> Work order
Below is a listing; print exactly its lines from the one containing "Wilson, John Lyde." down to the one containing "輕點(diǎn)鼠標(biā", both inclusive, with every picture left out.

> Material for the task
________________________________________
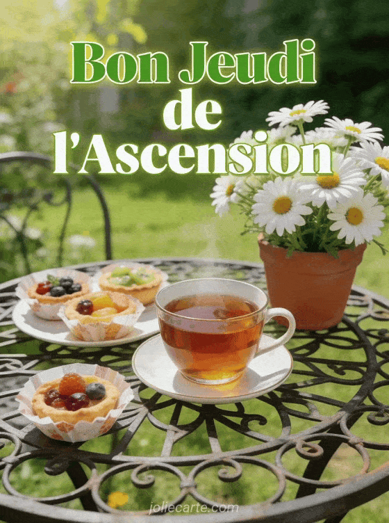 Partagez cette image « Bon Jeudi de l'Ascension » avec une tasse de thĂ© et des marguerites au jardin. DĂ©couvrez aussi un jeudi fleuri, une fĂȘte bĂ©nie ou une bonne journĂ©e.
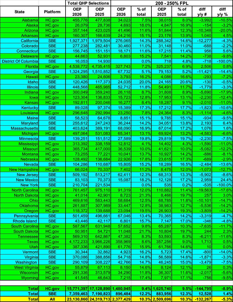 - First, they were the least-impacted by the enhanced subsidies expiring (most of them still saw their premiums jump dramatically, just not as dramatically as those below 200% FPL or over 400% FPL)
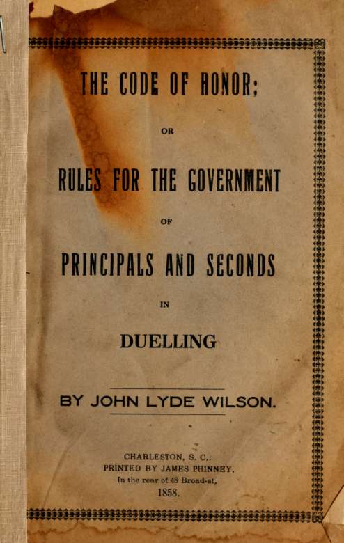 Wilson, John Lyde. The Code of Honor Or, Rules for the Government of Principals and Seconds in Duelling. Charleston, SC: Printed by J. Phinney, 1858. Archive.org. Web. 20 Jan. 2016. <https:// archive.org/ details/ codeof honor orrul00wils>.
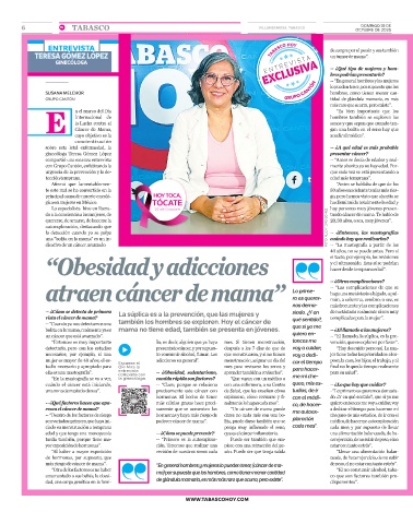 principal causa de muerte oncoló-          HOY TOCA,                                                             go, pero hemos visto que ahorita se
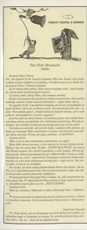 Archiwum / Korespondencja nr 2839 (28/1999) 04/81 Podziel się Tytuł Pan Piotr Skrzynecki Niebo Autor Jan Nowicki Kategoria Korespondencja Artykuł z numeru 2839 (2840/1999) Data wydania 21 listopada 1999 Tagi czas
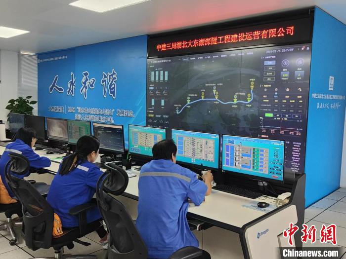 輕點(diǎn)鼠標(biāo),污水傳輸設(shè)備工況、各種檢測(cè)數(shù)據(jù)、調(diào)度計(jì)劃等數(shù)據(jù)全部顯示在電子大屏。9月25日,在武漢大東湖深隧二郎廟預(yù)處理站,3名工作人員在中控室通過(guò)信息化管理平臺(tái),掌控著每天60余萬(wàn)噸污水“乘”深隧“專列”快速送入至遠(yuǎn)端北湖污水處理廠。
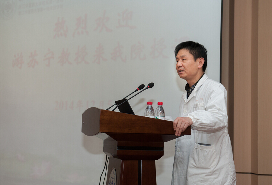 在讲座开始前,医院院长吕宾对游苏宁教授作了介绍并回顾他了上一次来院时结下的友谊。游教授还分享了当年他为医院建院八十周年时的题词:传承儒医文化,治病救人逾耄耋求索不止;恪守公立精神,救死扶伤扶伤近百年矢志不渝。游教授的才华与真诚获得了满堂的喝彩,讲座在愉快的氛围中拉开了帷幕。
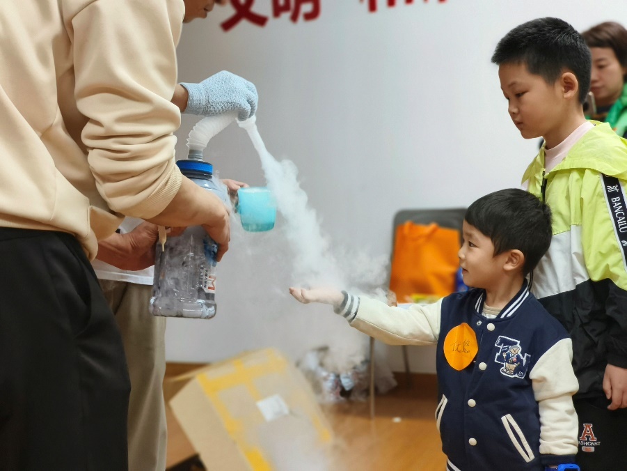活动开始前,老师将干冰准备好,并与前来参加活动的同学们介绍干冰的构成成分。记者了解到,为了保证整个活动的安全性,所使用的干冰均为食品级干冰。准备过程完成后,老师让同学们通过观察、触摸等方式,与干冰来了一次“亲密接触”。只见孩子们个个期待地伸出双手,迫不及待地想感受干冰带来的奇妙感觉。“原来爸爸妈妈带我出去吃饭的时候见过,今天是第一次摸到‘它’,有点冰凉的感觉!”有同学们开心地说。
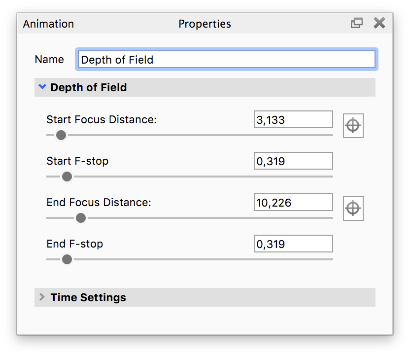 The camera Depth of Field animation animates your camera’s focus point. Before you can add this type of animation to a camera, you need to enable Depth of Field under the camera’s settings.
________________________________________
> Output
 Wilson, John Lyde. The Code of Honor Or, Rules for the Government of Principals and Seconds in Duelling. Charleston, SC: Printed by J. Phinney, 1858. Archive.org. Web. 20 Jan. 2016. <https:// archive.org/ details/ codeof honor orrul00wils>.
 principal causa de muerte oncoló-          HOY TOCA,                                                             go, pero hemos visto que ahorita se
 Archiwum / Korespondencja nr 2839 (28/1999) 04/81 Podziel się Tytuł Pan Piotr Skrzynecki Niebo Autor Jan Nowicki Kategoria Korespondencja Artykuł z numeru 2839 (2840/1999) Data wydania 21 listopada 1999 Tagi czas
 輕點(diǎn)鼠標(biāo),污水傳輸設(shè)備工況、各種檢測(cè)數(shù)據(jù)、調(diào)度計(jì)劃等數(shù)據(jù)全部顯示在電子大屏。9月25日,在武漢大東湖深隧二郎廟預(yù)處理站,3名工作人員在中控室通過(guò)信息化管理平臺(tái),掌控著每天60余萬(wàn)噸污水“乘”深隧“專列”快速送入至遠(yuǎn)端北湖污水處理廠。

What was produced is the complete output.